A weird thing is starting to happen. I'm not going to say I'm turning into a summer girl, because in my mind that requires rollerblading in a bikini while listening to Van Halen's California Girls. But I am truly enjoying eating lemons by the handful and putting cilantro on everything I touch. In my own turtle-on-a-rock kind of way, you might say I'm soaking up summer.
In the spirit of pink drinks and sitting in a hammock, I give you the following three thoughts:
1. I recommend this episode of World Cafe featuring Mudcrutch, Tom Petty's first band which he got back together for an album in 2007, and which just released a second album. The interview alone is worth a listen because there's nothing as freaky or pleasant as Tom Petty's speaking voice, IMHO, but the music is great, too.
I read Warren Zanes' Petty: The Biography when it came out last year. If you ignore the unfortunate use of the word "girls" to mean "women" by most everyone involved, it's an enjoyable read. I could not stop thinking about what a load of work biographies are while reading it: interviewing, transcribing, writing, fact checking. Wowzahs. Whatever work ethic made that book possible kinda blows my mind. On the other hand, I guess it's worth it because I probably muse on one anecdote or another from its files weekly.
The Mudcrutch interview also contains a strange moment where Tom Leadon, one of the original members of Mudcrutch who did not go on to be in the Heartbreakers, laments the fact that he stayed behind when the rest of the band went to L.A. Tom Petty breaks in by saying something like, "But we're all together now!

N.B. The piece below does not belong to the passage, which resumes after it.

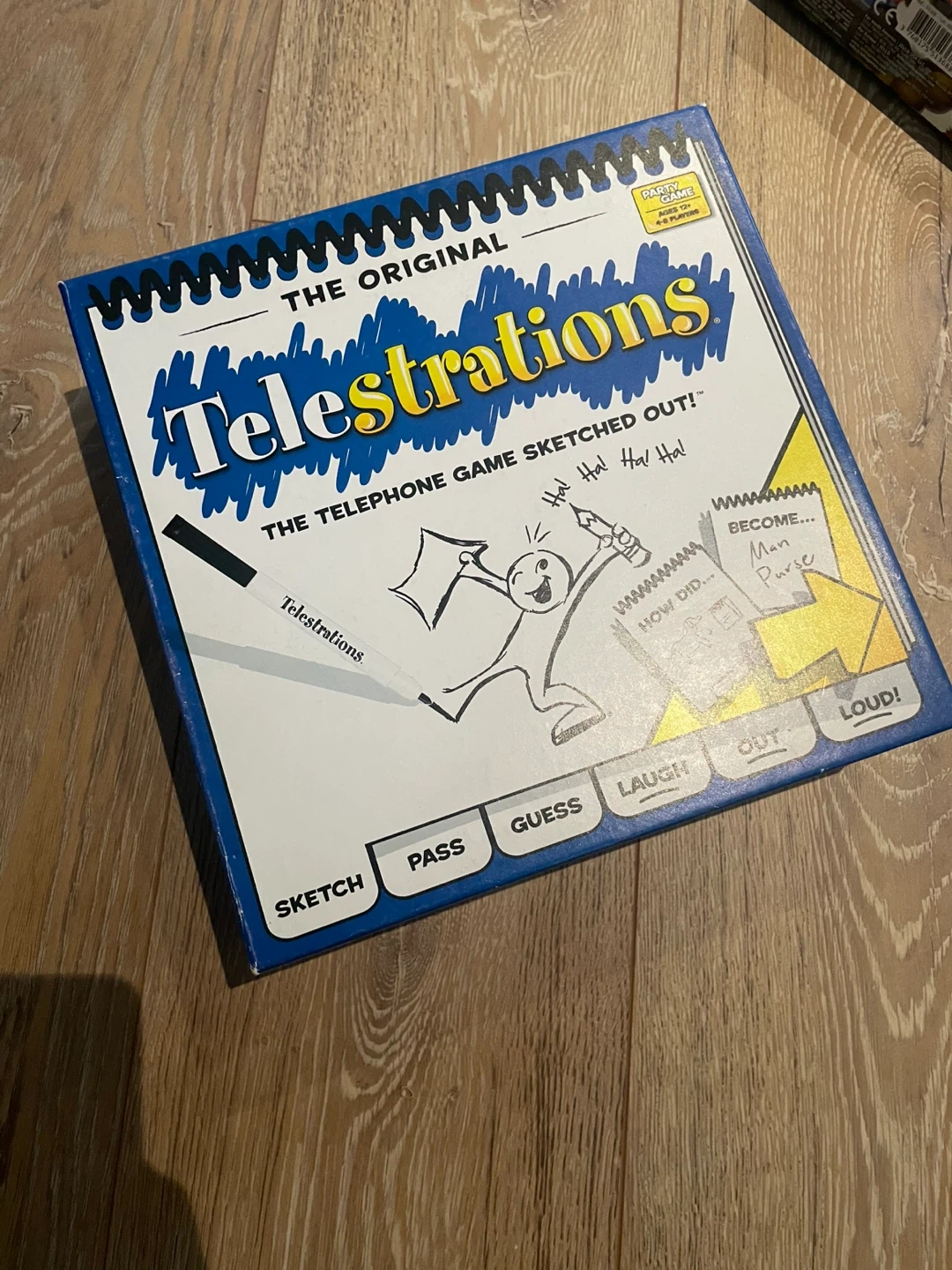 Selling the original Telestrations party game! It's a fun telephone game sketched out that's great for ages 12+ and 4-6 players. Get ready to sketch, pass, guess, laugh out loud!

Let's not focus on that." It reminds of Zanes' allusion to Petty feeling guilty about the way things did and did not turn out for his bandmates. I could be reading too much into that on-air moment, but it struck me as a weird thing to say, essentially cutting off someone who was just sharing thoughts about the way his life turned out.
2. On the recommendation of a friend I checked out the HBO mini-series Olive Kitteridge, based on Elizabeth Strout's Pulitzer Prize-winning novel, and was glued to my couch for two nights. As we somewhat foolishly bought a wool couch and it's been above 80 degrees lately, that's really saying something. I absolutely could not stop watching it and wanted to live forever in its bracing world of cold water, dark interiors, stiff clothing, and strained relationships.
3. By some miracle of Twitter, I came across a newly released memoir called Boy Erased, written by Garrard Conley. The book's pretty turquoise cover won me over right away, but I was moved by its interior pages, as well.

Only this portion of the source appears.